The medical practice doctor then comes in, a family practitioner or emergency doctor, and they will look at the case and move to a treatment decision, either reassurance, a prescription if necessary, and, if needed, a referral to care and always a delivery of a treatment plan.
Then, the bot takes over the care again and basically asks the patient two questions at 48 hours. First: “How are you doing?” We want to make sure you are feeling better. Next, “Did we answer your question?” Because it gives the patient an opportunity to basically say whatever they felt may not have come to mind, or what they may not have had a chance to bring up in the clinical encounter.

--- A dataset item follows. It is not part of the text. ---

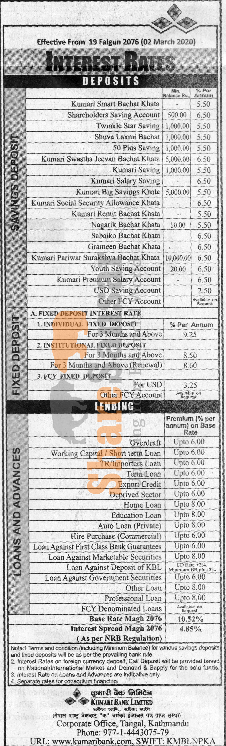 Kumari Bank Limited has published a notice regarding new interest rate and its effective from 19th Falgun, 2076.

Maybe that patient had a grandmother who passed away from a brain tumor six months ago, and they want to make sure that their worsening headaches couldn’t be that. If there’s a negative response in those questions, the patient is offered again a clinical consult because they’re no cost. There’s no friction in bringing them back in.
BRINK: How has working in the developing world been a different experience to what you’ve been doing in the U.S.?
Dr. Madhok: Within the emerging market, there’s great opportunity because you have these kinds of leapfrog events within Africa and Asia. They leaped from phone lines underground, power lines above ground to solar power panels and solar connectivity. In Africa, there’s great adoption of mobile payment and mobile wallets, so there’s a strong understanding that one can engage with everyday goods and services from a mobile device.
For example, in Rwanda, their priority was nutrition and prenatal health. We said, “great, we’re happy to come to the country; give us two districts to start where we can help make an impact. Give us one in a densely populated city and the other in a more remote area.” Then we asked that they introduce us to a channel partner, so we have a private and a public partner in the health system. We basically hire local physicians to help support. We gauge academics to help provide local content. Also, we’re engaged with public health as well.
So we’re able to become a channel where people can push content through us. So you see in the emerging market the ability to be this bridge where health services tend to lag behind. Mobile technology and this connectivity has blossomed, and so we’ve been able to move through those markets extraordinarily well and get very readily available adoption.
This interview has been edited and condensed for clarity.